Coma. Complete depression of mental activity. Muscle atony, areflexia, bulbar disorders, mydriasis with lack of pupillary response to light, pathological reflexes, pelvic disorders, etc. are detected. States of “brain death” with artificial maintenance of the functions of internal organs in resuscitation are called superior or beyond coma. Identical to apallic Kretschmer syndrome.

Stunning develops as a result of brain hypoxia, edema and swelling of brain tissue, damage to neurons by toxic products, and the development of acidosis in various pathological conditions (skull trauma, intoxication, vascular disorders, tumors, somatic diseases, etc.). Productive disorders of consciousness include delirium, oneiroid, twilight stupefaction, and amentia.

Delirium. It is characterized primarily by various disturbances of perception: illusions, hallucinations, disturbances of sensory synthesis. Visual illusions (pareidolia) and hallucinations (scene-like, zoological, demonomaniacal, palingnostic, cinematic, polyoptic, macro- and micro-optical, visions of threads, wires, webs, etc.) predominate. Tactile illusions of perception are often observed (the imaginary presence of parasites, reptiles, insects on the skin, under it; sensations of animal bites, blows, injections, cuts, spilling liquid). Some types of tactile hallucinations may indicate the nature of delirium.
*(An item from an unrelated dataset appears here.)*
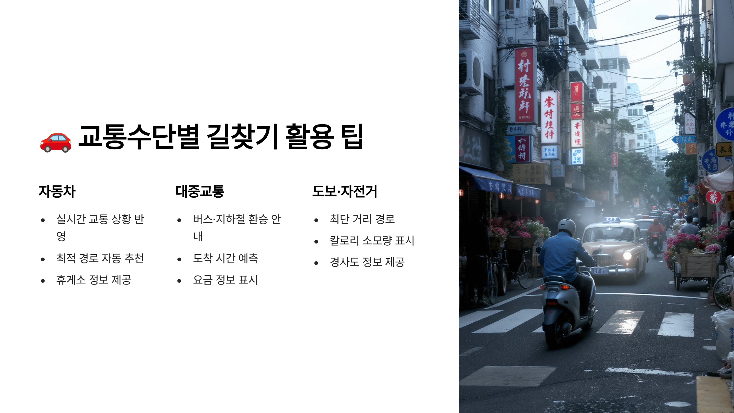 🚗 교통수단별 길 찾기 활용 팁
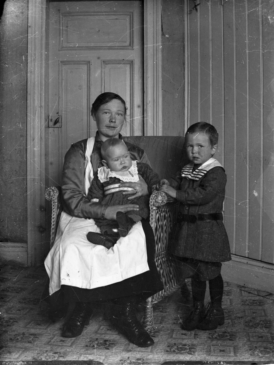 Kvinna med två små barn.

In cocaine delirium, for example, these may be imaginary sensations of crystals. Delirium in tetraethyl lead poisoning is characterized by hallucinations localized in the oral cavity - an imaginary sensation of hair or threads. With infectious delirium, visceral hallucinations are possible. Typical delirium is characterized by:

  • impairment of remembering what is happening, sometimes - confabulations. Thinking is fragmented, unstable figurative delusional ideas are expressed, and false recognitions are observed. Memories of the period of impaired consciousness are incomplete and incoherent;
  • false and constantly changing orientation in place, time, surrounding persons, situations. Self-orientation is mostly preserved. Patients oppose themselves to visions, treat them as external to themselves, and do not identify themselves with them;
  • affective lability. There is a rapid change in manifestations of fear, horror, surprise, curiosity, and indignation, reflecting the content of perceptual deceptions. Negative emotional reactions predominate. The latter can be colored by a peculiar humorous attitude towards perceived visions, as happens with alcoholic delirium (“gallows humor”);
  • motor agitation, increased talkativeness. Patients are mobile, fussy, constantly feverishly busy with something, hiding, running away, attacking, defending themselves, etc. Sometimes there is an increased responsiveness to speech (for example, the patient can immediately answer questions, also addressed to strangers);
  • fluctuations in the intensity of delirious phenomena with their intensification in the evening and at night and weakening during the day. Short-term clarity of consciousness can be observed during a conversation with patients.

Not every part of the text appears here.